After many false starts and a lot of learning and trawling here (starting from
viewtopic.php?t=1674), I finally managed to get the VIA shift-out (phi2 clock) talking to my SD card using SPI mode 0 without bit-banging!
I thought I'd share here in case it's useful for others, or if anyone has ideas for improvements. My current code runs at 22 cycles per byte, but I think it could go
slightly faster (question below). I guess the theoretical max is 16 cycles/byte since VIA clocks out bits at half the phi2 clock rate, but not sure if
you could actually code the read loop that tightly?

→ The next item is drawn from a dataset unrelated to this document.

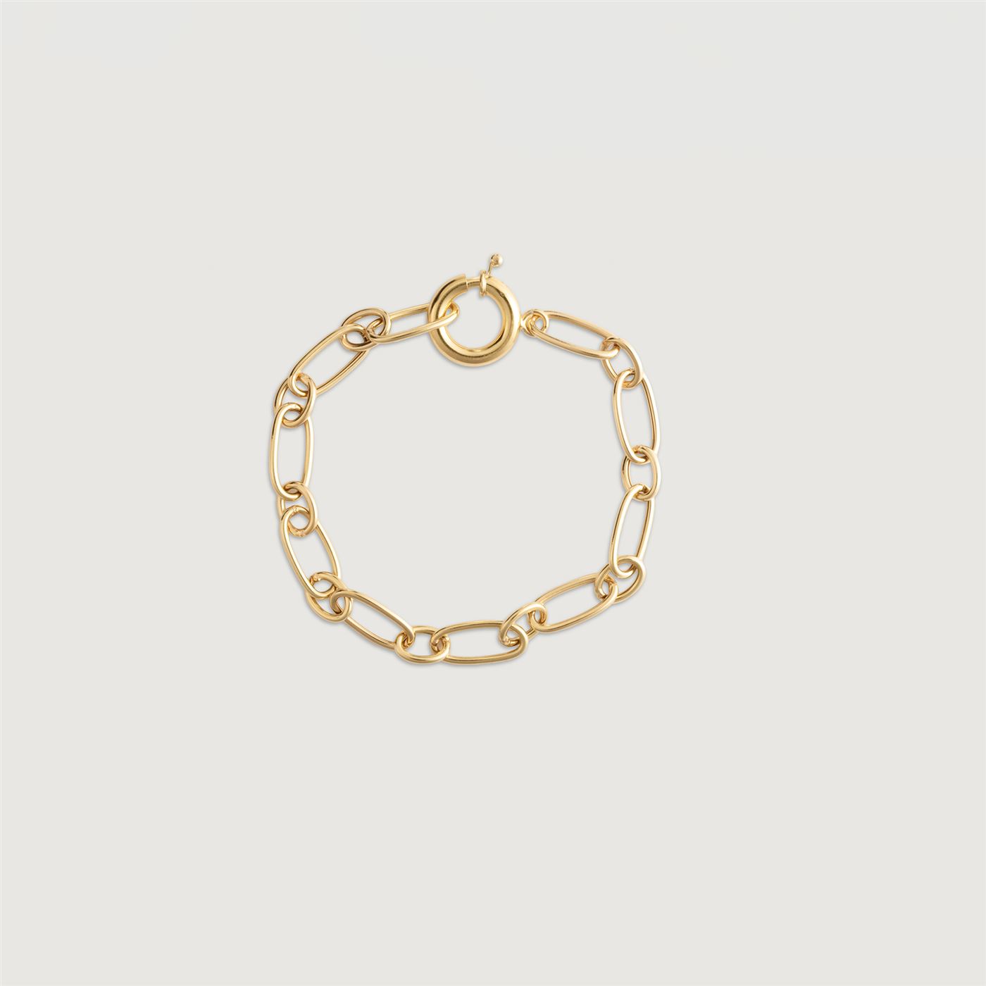 دستبند طلا هرمس ۱ یکی از دستبندهای ساده و مینیمال گالری طلا سنجاق است که در دسته دستبندهای طلا زنجیری قرار می‌گیرد. این دستبند طلا، از حلقه‌های زنجیر نسبتاً درشت و بزرگی طراحی شده است که روی دست بسیار زیبا و جذاب جلوه می‌کند. دستبند طلا هرمس ۱، یک قفل زیبا و خاص دارد که مدل آن با قفل‌های سایر دستبندهای طلا زنجیری متفاوت است.

The schematic sketches my hardware setup, with a timing diagram showing my current understanding. I originally thought I only needed half a phi2 cycle delay on CB1, but as I learned from my scope that doesn't work because of how CB2 lags CB1. Note that RCLK in my h/w is just wired directly to phi2, not what's shown in the timing diagram (again see below). I learned that the pullup resistors are important (I'm surprised they're not built in to the breakout board?) and that an SD card draws a lot of current - had to up my bench cutoff point.
Basically the VIA SR writes a byte out to the SD card while the SD card sends a byte in to a shift register mapped to VIA port A, both clocked by the delayed and inverted CB1 signal. It took a while for me to understand that SPI doesn't really have a separate notion of read vs write - it always just exchanges a byte each way with a pre-agreed notion of which side of the swap is currently meaningful (I guess in principle useful data could actually be exchanged in both directions concurrently?).
When the VIA is "reading" by convention it writes #$ff to trigger the exchange and looks at the byte arriving at port A; when it's "writing" it writes the actual data byte and ignores the incoming data. My block read is shown below (full code on
github). The inner page read section runs in 22 cycles per byte.
I've currently got the external shift register RCLK wired to phi2, making it update continuously at port A. This means I need to be careful to read the incoming data after it arrives but before I trigger the next incoming byte (I leave 18 cycles between, plus the LDA time gives 22 cycles).
But if RCLK instead triggered only once every eight bits, then the byte would stay latched at PORT A even while the next byte was arriving. Then I could safely trigger the next byte exchange *before* reading the value of the previous one, in a tighter loop of 16 to 18 cycles total (I'm still fuzzy about the timing between writing the VIA SR and the CB1 clock starting).
Is there some clever way to do that? It seems like you'd often want an 8-bit shift register to behave that way (wait for all eight bits to arrive, then latch to the outputs). I guess a 3 (or 4) bit counter could count falling SCK edges and generate a rising edge just after the last bit arrives, as shown in the last line of the timing diagram?
Not sure I actually care enough about saving the extra cycles to fight with it, but curious if it's feasible?
Next planning to hook up the
ProDOS kernel and try booting from the SD card. Fun, fun...
Code:
; now read 512 bytes of data
; unroll first loop step to interpose indexing stuff between write/write
ldx #$ff
bit sd_cmd0 ; set overflow as page 0 indicator (all cmd bytes have bit 6 set)
stx VIA_SR ; 4 cycles trigger first byte in
DELAY12
ldy #0 ; 2 cycles byte counter
@next: lda DVC_DATA ; 4 cycles
stx VIA_SR ; 4 cycles trigger next byte
sta (sd_bufp),y ; 6 cycles
DELAY3 ; 3 cycles
iny ; 2 cycles
bne @next ; 2(+1) cycles
inc sd_bufp+1
bvc @crc ; second page?
clv ; clear overflow for second page
bra @next